-- PROVIDED RECORDS follows --
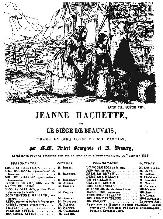 - 1838 — драма в пяти действиях и шести частях «Жанна Ашетт или осада Бове» Адольфа д’Эннери и Огюста Анисе-Буржуа.
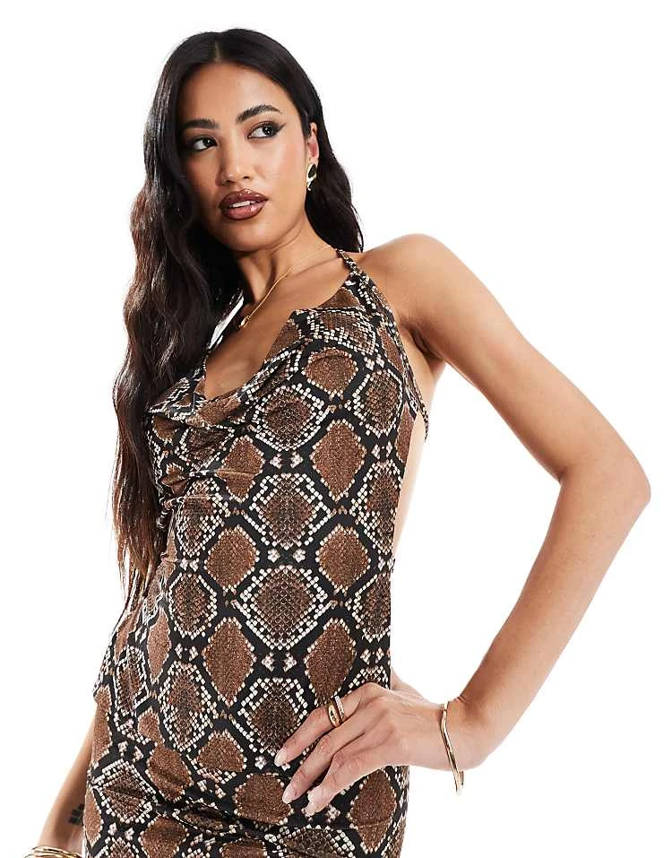 Kaiia Slinky Tops And Column Maxi Skirt Co-ord In Snake
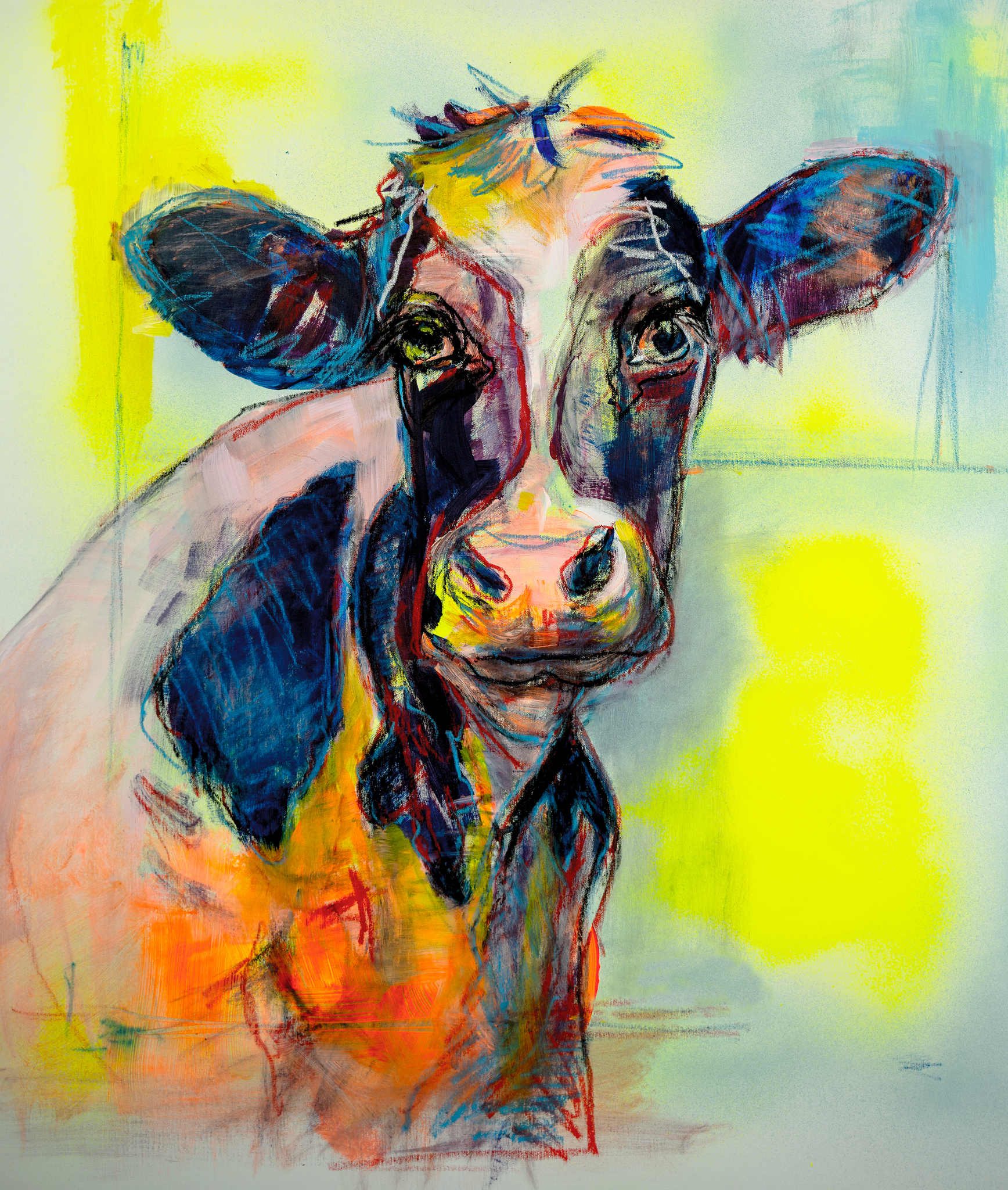 Een vrolijk, spontaan, portret van een bonte Friese koe, geschilderd met geel, oranje en blauwe kleuren. Dit schilderij is in opdracht geschilderd
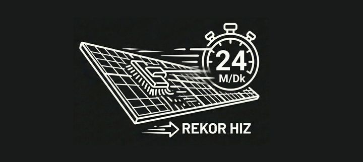 Dakikada 24m hızla günde 3 MWp temizlik kapasitesi sunar.
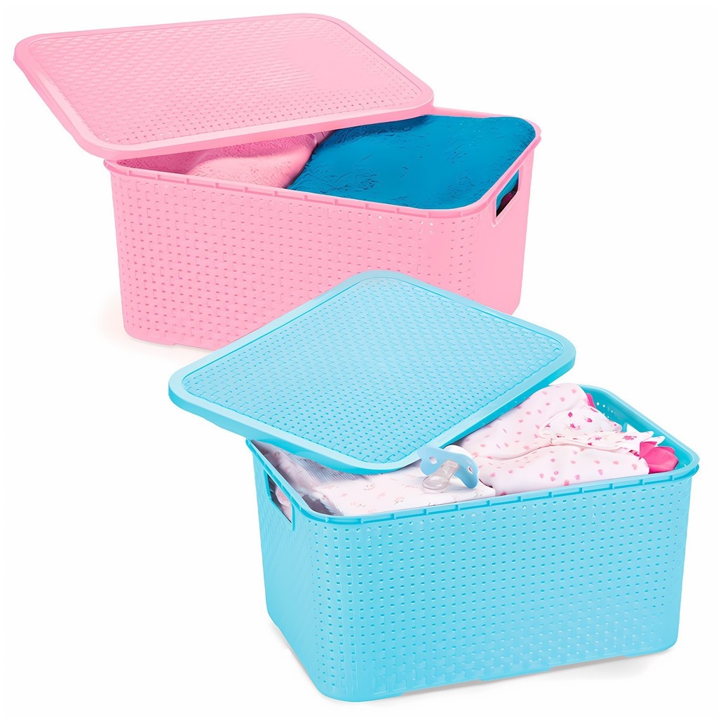 Mini Caixa Rattan 7L Baby Com Tampa E Pegadores Para Organização De Brinquedos - Monte Líbano
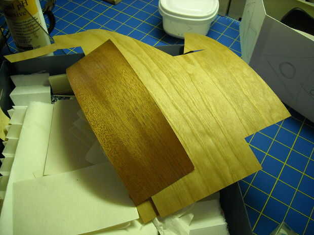 Chapa de madera - usar un producto Lenderink (http://www.woodveneers.net/paperwood.html) llamado papel Paperwood o de madera. Es una delgada chapa de micro
-- PROVIDED RECORDS concluded --
Start at the line holding "Mini Caixa Rattan" and stop at the last line of the entries above. Repeat those lines exactly, pictures excluded.

#### FINISHED EXERCISE:
 Mini Caixa Rattan 7L Baby Com Tampa E Pegadores Para Organização De Brinquedos - Monte Líbano
 Chapa de madera - usar un producto Lenderink (http://www.woodveneers.net/paperwood.html) llamado papel Paperwood o de madera. Es una delgada chapa de micro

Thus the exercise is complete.